Work order: Look below for the line containing "Home for fans, food, &". Write out that line and the rest through the last one, exactly as they appear, but without pictures.

[Dataset items]
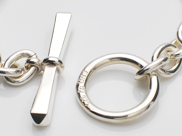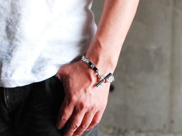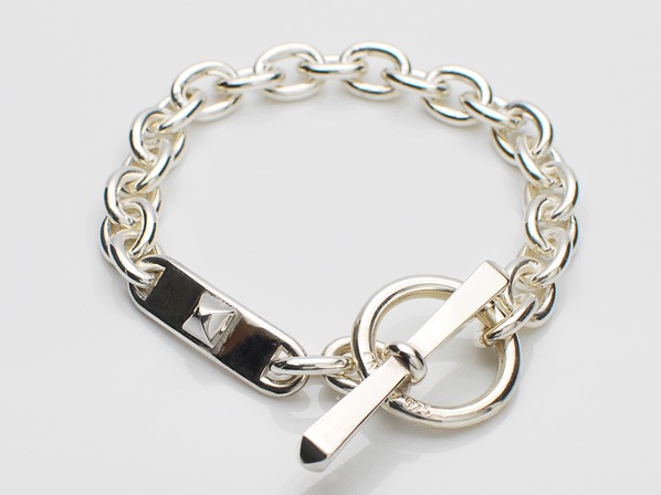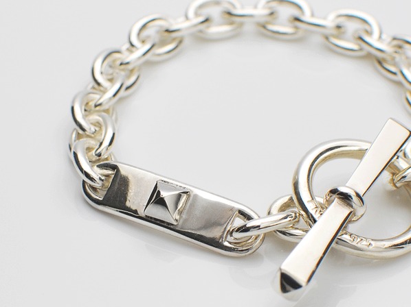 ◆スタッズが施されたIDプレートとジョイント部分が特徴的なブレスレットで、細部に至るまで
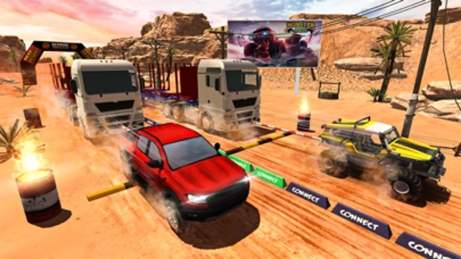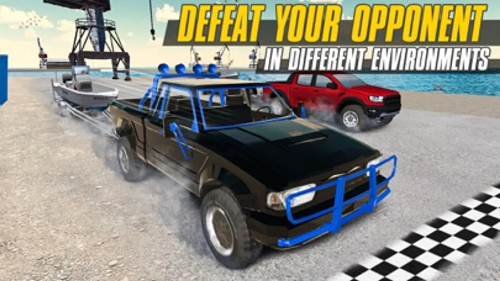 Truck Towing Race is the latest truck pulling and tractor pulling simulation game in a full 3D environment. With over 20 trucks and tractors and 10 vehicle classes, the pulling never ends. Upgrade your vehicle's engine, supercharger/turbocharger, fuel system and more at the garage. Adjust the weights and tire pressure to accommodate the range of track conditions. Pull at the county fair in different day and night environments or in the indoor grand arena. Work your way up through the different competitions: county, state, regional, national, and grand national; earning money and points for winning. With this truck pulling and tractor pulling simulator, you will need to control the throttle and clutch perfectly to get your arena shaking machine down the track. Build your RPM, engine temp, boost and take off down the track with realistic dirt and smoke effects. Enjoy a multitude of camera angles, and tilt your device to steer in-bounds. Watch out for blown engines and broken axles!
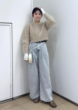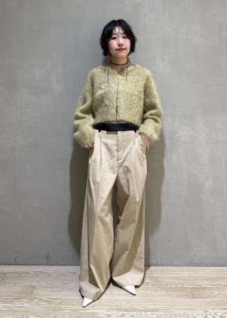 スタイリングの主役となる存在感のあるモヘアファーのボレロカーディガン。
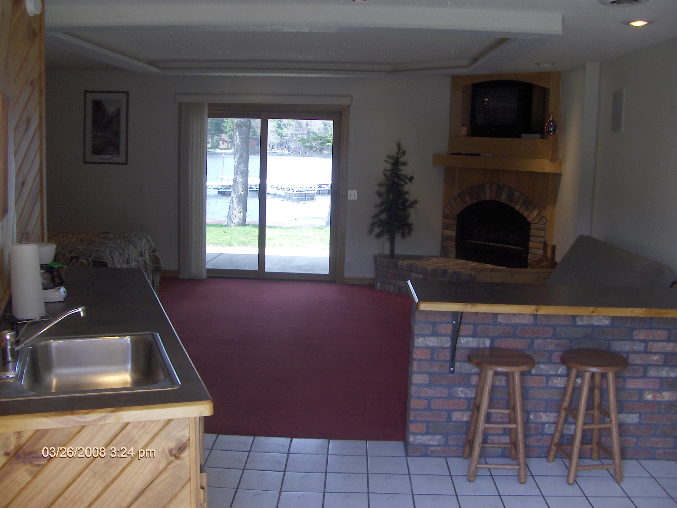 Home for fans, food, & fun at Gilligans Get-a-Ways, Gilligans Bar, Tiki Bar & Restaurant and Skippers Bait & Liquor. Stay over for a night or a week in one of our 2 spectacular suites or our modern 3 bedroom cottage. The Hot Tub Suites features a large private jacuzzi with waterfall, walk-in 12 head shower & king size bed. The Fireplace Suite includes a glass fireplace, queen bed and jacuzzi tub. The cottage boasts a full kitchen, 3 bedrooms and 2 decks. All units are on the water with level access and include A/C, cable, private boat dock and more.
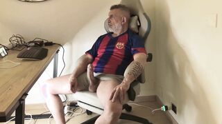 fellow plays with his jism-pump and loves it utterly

Expected answer:
 Home for fans, food, & fun at Gilligans Get-a-Ways, Gilligans Bar, Tiki Bar & Restaurant and Skippers Bait & Liquor. Stay over for a night or a week in one of our 2 spectacular suites or our modern 3 bedroom cottage. The Hot Tub Suites features a large private jacuzzi with waterfall, walk-in 12 head shower & king size bed. The Fireplace Suite includes a glass fireplace, queen bed and jacuzzi tub. The cottage boasts a full kitchen, 3 bedrooms and 2 decks. All units are on the water with level access and include A/C, cable, private boat dock and more.
 fellow plays with his jism-pump and loves it utterly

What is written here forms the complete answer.